Melissa waits up, the sun high and then low, mocking her soft heart even when she threatens it between her pacing. People stare, a strange feeling when she actually donned clean clothes and left the baseball cap at her apartment. The basket holding the flowers, herbs, and a variety of other plants starts to look as defeated as she feels; the cake would be sweating if it weren’t for the chill breeze. She almost considers leaving without seeing her, more dramatic, more mysterious, but she has never been that type of person. 

She doesn’t contemplate what type of person would like to tie loose so messily instead of coming clean. Just that Kelly would like to end things nicely, smoothly, on a good note, like another fluke of anecdotes for the upcoming bright decades that surely Alex can enjoy with someone normal. 

Her resolve vanishes when she sees her running across the park, bright eyes, cheery voice, screaming the name she gave to her, as it is the only breath she needs to close the distance. 

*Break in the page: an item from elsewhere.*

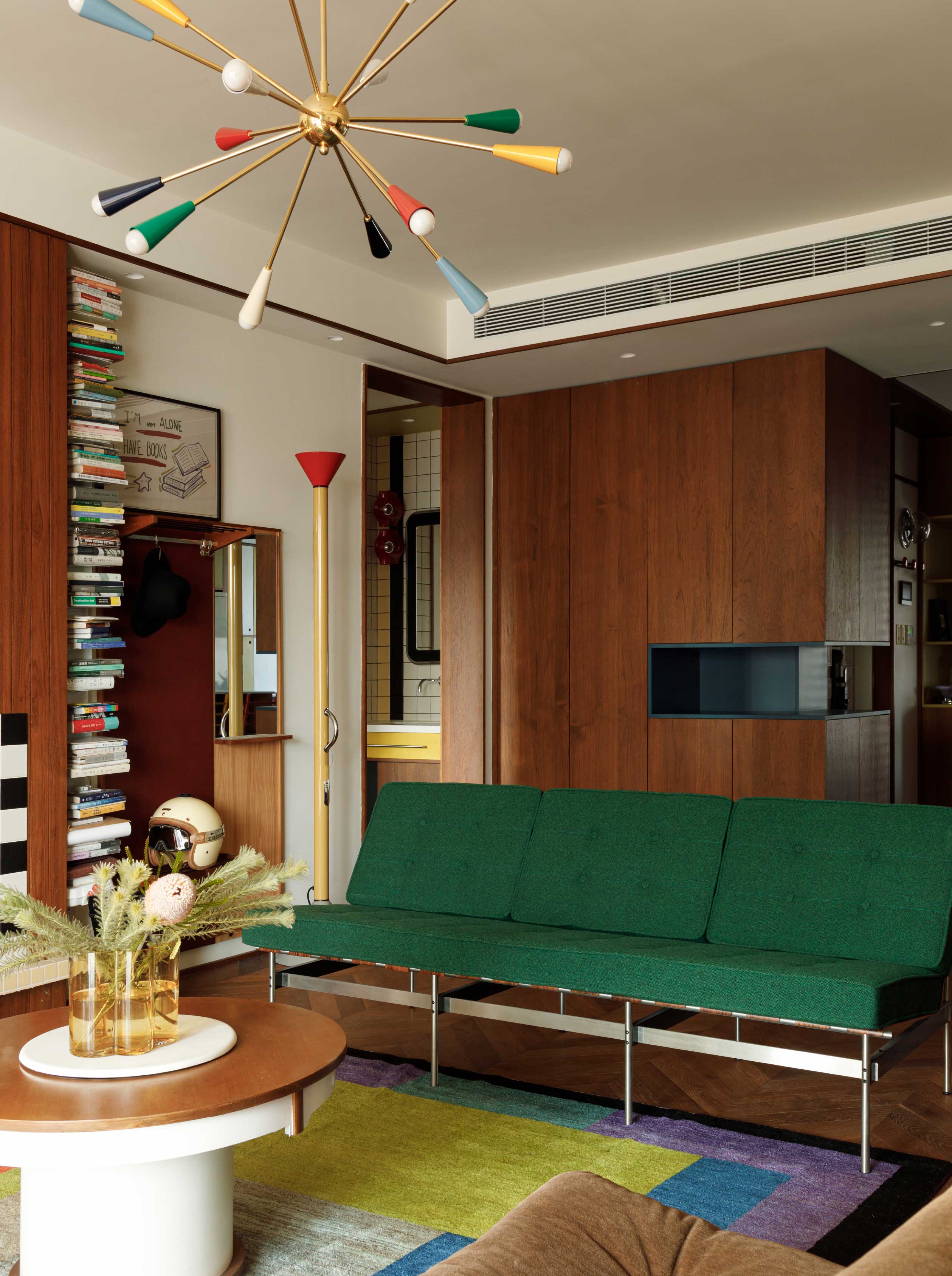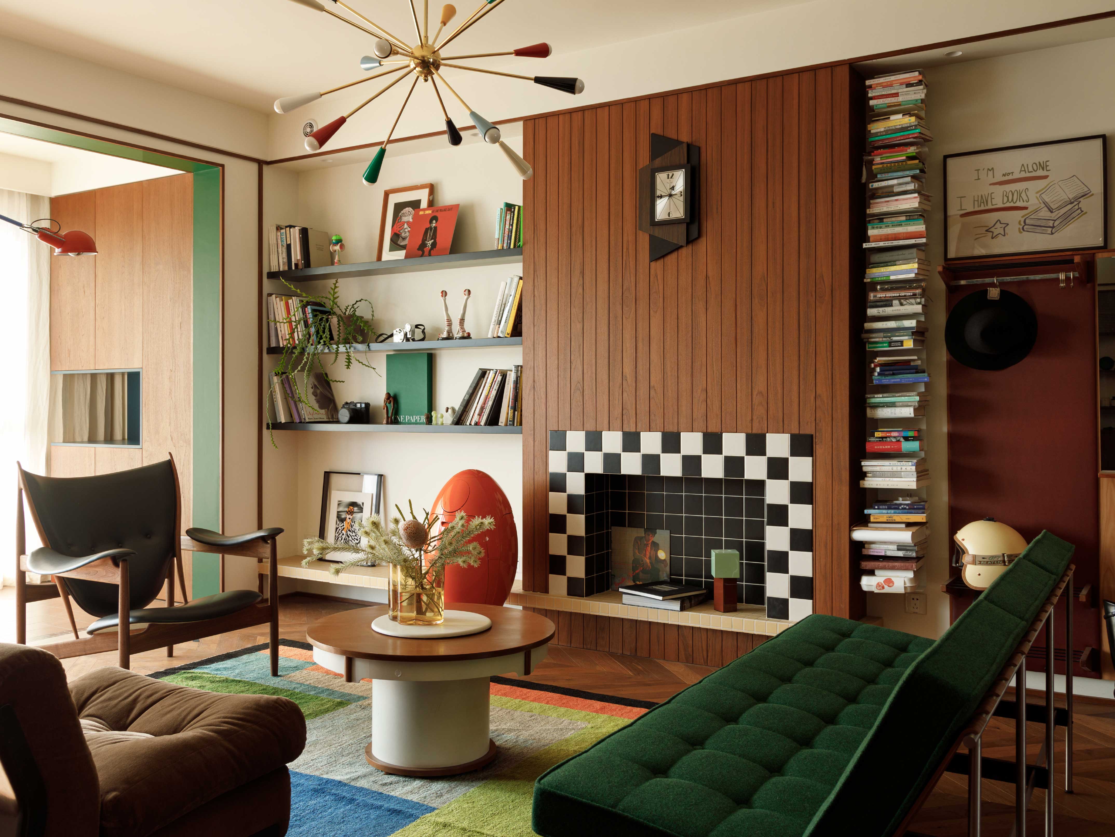 中央則懸掛60年代的Sputnik彩色吊燈,與手工色塊地毯相互映襯,跳躍色彩與幾何光影結合,迎來復古印象。而壁爐兩側採用非對稱設計,打破制式規律,也讓書籍與藏品各得其所。

And Melissa cheers with her, hugging her so tightly they choke on laughter, a lot of congratulations are exchanged, Alex shares the funny bits, and all the anxiety she was in these days. She talks, and talks, and Melissa stares, enamored by the stream of words until Alex draws breath and looks at the picnic basket garden. 

“Are these…for me? You’re so silly, I love it!” She squeals, already recognizing the plants by species and genus.

“Uhm, yeah, and some cake,” Melissa goes to reach for it, and then it dawns on her. She didn't bring anything to eat the cake. “You can take it whole…”

“Nonsense, let me—” Alex stretches her hand into Melissa’s jacket, somehow finding the knife without any assistance or shame. “Half and half?” She beams at Kelly, her cheeks a healthy pink, her eyes shining, slightly out of breath, and expecting some confirmation from her.

Melissa leans into the shared space, slow, intense, inspecting those eyes to find some discomfort, some signal for her to stop, some reason for her to remind herself she shouldn’t do this.

Though not for nothing, love is meant to be something you fall into.

Their lips met, soft and impossible sweet and so wrong. Alex gasps into the kiss, and Melissa catches her lower lip before she can back off; she presses into the gesture, making it tender and purposeful as she knows she is not. 

“I’m sorry, that wasn’t…” she starts to whisper into Alex’s lips, and as an answer, she is kissed back, enthusiastic and shy as only someone so vibrant as Alex can be. 

They eat the cake in the park, indeed cutting it with Melissa’s blade, insufficiently cleaned on their way back to Kelly’s apartment. 

***

Melissa cannot say it was intuition; the writing was on the wall, and she was never safe. She just chose not to take notice of the news, of a man hanged over a satanic symbol, of a cult with hunts, burials, and false stag gods, of a junkie dead on the same grounds with a bygone infamous group of ladies.

Kelly sends the tape, as she is advised, and goes back to carry the butterfly knife, kept in the toolbox in her family's house. 

Alex did have the intuition to read into this old habit coming back. But failed to act fast enough, such is the blindfold Melissa weaved over her eyes for years. 

And now the blade presses on Alex’s neck, Melissa crying out the truth after a ghost of her worst decisions comes back. She could try to bargain, to explain, to justify herself from the fake name to the realization of why Alex is an orphan with a penchant for biology. 

But she does not. 

Melissa just kisses her skin, with her lips near those beautiful eyes that possess glimpses of a better life within their gaze, and with the knife as she rushes to promise how Kelly will come back just as soon as she deals with Melissa’s messy ex. 

She runs away, not looking back, fearing she would not have the courage, as she never did in these long years she kept the truth from Alex. She completely misses the bright blood spilling out of her on her way out.